[Opening GIVEN RECORDS section]
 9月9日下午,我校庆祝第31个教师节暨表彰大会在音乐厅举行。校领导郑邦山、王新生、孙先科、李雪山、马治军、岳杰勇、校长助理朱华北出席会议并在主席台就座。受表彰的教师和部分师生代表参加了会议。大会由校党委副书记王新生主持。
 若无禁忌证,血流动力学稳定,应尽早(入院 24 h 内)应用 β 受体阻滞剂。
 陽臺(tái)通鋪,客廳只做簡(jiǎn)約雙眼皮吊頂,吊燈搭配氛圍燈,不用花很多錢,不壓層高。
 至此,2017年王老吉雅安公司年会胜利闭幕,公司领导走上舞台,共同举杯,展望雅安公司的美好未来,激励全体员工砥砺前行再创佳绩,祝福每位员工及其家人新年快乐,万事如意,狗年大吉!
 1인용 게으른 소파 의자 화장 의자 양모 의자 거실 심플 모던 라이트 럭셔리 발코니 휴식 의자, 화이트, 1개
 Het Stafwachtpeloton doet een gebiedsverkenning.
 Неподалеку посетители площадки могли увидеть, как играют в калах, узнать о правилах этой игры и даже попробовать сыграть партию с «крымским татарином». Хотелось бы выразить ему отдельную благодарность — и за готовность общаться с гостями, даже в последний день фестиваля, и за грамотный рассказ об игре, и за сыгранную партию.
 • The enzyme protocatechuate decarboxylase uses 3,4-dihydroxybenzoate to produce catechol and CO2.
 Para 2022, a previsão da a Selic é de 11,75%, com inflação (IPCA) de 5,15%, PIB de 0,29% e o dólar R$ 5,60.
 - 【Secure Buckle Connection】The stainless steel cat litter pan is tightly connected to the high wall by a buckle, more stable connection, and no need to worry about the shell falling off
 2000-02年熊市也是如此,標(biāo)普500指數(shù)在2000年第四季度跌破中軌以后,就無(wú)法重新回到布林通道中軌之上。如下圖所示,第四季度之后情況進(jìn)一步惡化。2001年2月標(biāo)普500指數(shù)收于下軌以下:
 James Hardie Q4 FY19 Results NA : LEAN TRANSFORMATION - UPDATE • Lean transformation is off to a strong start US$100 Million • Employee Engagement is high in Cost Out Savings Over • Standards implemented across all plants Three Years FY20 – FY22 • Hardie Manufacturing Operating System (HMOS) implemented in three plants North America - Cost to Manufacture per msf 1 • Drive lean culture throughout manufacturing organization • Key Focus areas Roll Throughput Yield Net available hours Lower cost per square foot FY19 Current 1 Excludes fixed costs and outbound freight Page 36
[Closing GIVEN RECORDS section]
■ EXERCISE OBJECTIVE ■
Output an exact copy of the lines beginning at the one that holds "catechol and CO2." and running through the final line of the records.

■ TASK RESULT ■
 • The enzyme protocatechuate decarboxylase uses 3,4-dihydroxybenzoate to produce catechol and CO2.
 Para 2022, a previsão da a Selic é de 11,75%, com inflação (IPCA) de 5,15%, PIB de 0,29% e o dólar R$ 5,60.
 - 【Secure Buckle Connection】The stainless steel cat litter pan is tightly connected to the high wall by a buckle, more stable connection, and no need to worry about the shell falling off
 2000-02年熊市也是如此,標(biāo)普500指數(shù)在2000年第四季度跌破中軌以后,就無(wú)法重新回到布林通道中軌之上。如下圖所示,第四季度之后情況進(jìn)一步惡化。2001年2月標(biāo)普500指數(shù)收于下軌以下:
 James Hardie Q4 FY19 Results NA : LEAN TRANSFORMATION - UPDATE • Lean transformation is off to a strong start US$100 Million • Employee Engagement is high in Cost Out Savings Over • Standards implemented across all plants Three Years FY20 – FY22 • Hardie Manufacturing Operating System (HMOS) implemented in three plants North America - Cost to Manufacture per msf 1 • Drive lean culture throughout manufacturing organization • Key Focus areas Roll Throughput Yield Net available hours Lower cost per square foot FY19 Current 1 Excludes fixed costs and outbound freight Page 36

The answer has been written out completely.